Major U.S. companies largely stayed on the sidelines as the Supreme Court took up Donald Trump’s sweeping tariff program, leaving small businesses to lead a high-stakes challenge that could redraw the limits of presidential power and reset trade policy.
The Supreme Court heard more than two hours of arguments on November 5, 2025, over whether the International Emergency Economic Powers Act allows a president to impose broad import tariffs and, if so, whether that delegation of authority is constitutional. The consolidated cases were brought by importers including Learning Resources, an Illinois toymaker, and V.O.S. Selections, a New York wine distributor. Several justices pressed the government’s claim that emergency powers cover tariffs, a tool the Trump administration says is essential for trade and national security. Earlier in the litigation, lower courts found the program unlawful but kept the duties in place while appeals proceed.

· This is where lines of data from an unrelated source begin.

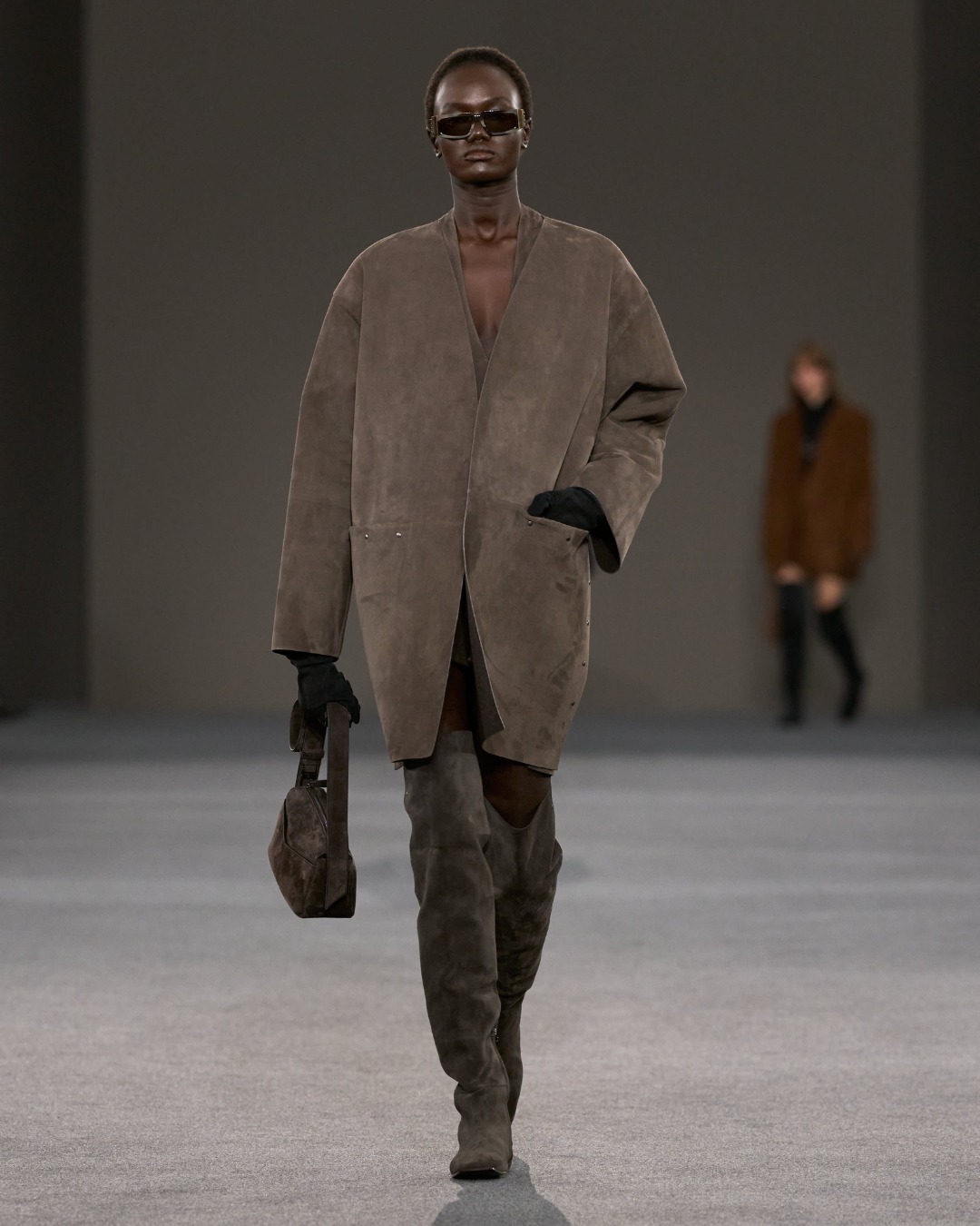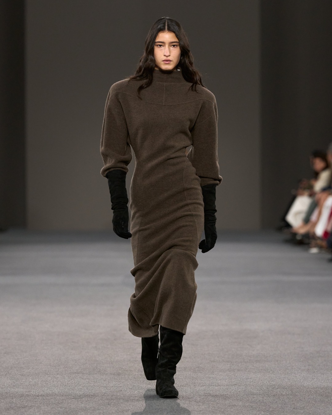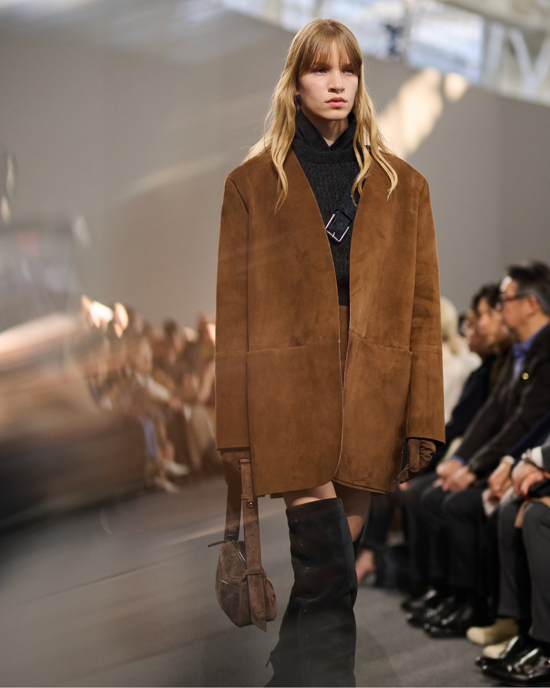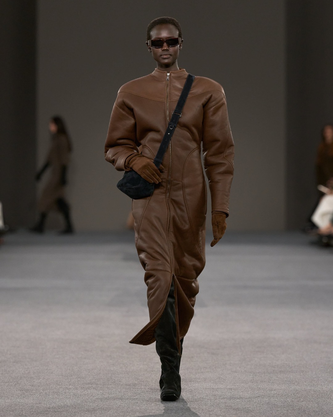 أما من حيث القصات، فقد استعاد "المعطف" مكانته كقطعة مركزية لا تقبل المنافسة، حيث قدمته الدار بأحجام ضخمة ومدروسة تمنح الجسد حرية الحركة دون أن تفقد التصميم توازنه الهندسي. ولم يقتصر الإبداع على المعاطف فحسب، بل امتد ليشمل التلاعب المتقن في تضاد الأقمشة؛ فشاهدنا مزجاً ساحراً بين صوف الكشمير الثقيل والحرير الرقيق في التنانير المنسدلة، مما أضفى حيوية وحركة على منصة العرض.
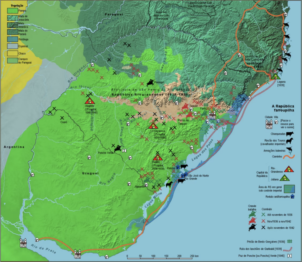 La República de Río Grande del Sur tenía poco apoyo en las áreas colonizadas por la reciente inmigración alemana. Estos inmigrantes se habían asentado en la desactivada Real Factoría de Linho Canhamo en colonias concedidas por el imperio, en el valle del Río dos Sinos. En Porto Alegre, a pesar de la simpatía de parte de las clases medias, no recibió apoyo popular, lo que movilizó a otras ciudades de la provincia de San Pedro do Río Grande.
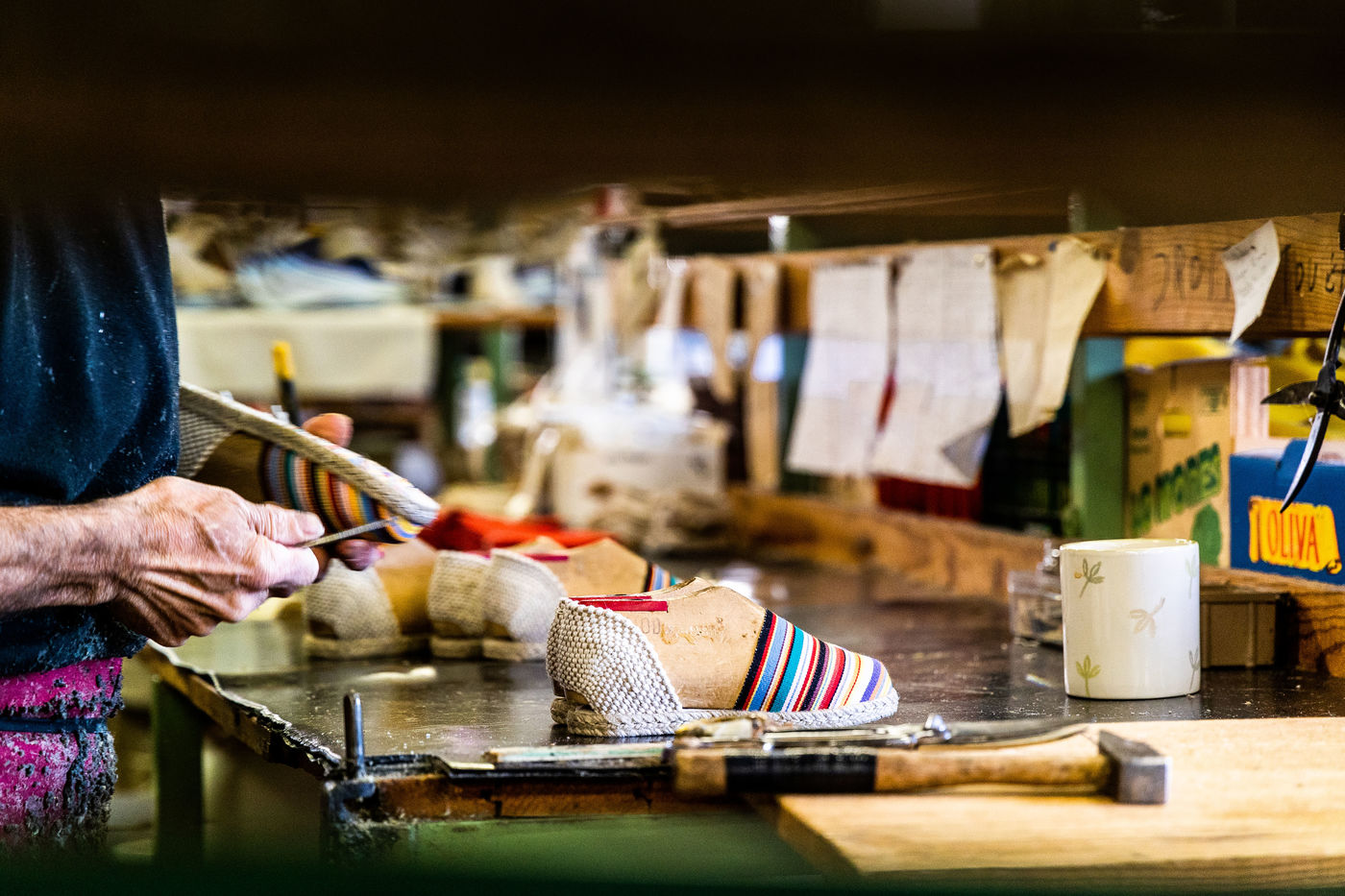 Saint Laurent de Cerdans, atelier Création Catalane, Avril 2022, Retour de l'espadrille et de la Vigatana catalane, sur ces terres, dans l'atelier qui a vu naitre et prospérer l'économie de la chaussure historique et traditionnelle de l'Est des Pyrénées.

The plaintiffs’ roster is dominated by smaller firms that say the levies have driven up costs and uncertainty. By contrast, No major corporations filed briefs supporting the challenge. Instead, industry groups such as the U.S. Chamber of Commerce weighed in, while many large companies pursued carve‑outs or exemptions rather than a public courtroom role. Trump, who once signaled he might attend the hearing, ultimately did not; his treasury secretary appeared on the administration’s behalf to underscore the case’s significance.
The ruling could reshape executive power over trade and determine whether importers are owed substantial refunds from duties collected under the emergency program. Government data cited in court filings suggest the total could approach $90 billion. Potential refunds could approach $90 billion, and a decision limiting presidential tariff authority would reverberate across supply chains, prices, and future negotiations with allies and rivals.
The justices are expected to decide the case by the end of the Court’s current term next year. In the meantime, the tariffs largely remain in effect. A prior request to fast‑track the dispute to the Supreme Court was rejected, ensuring the challenge moved through the normal appellate track before this week’s arguments.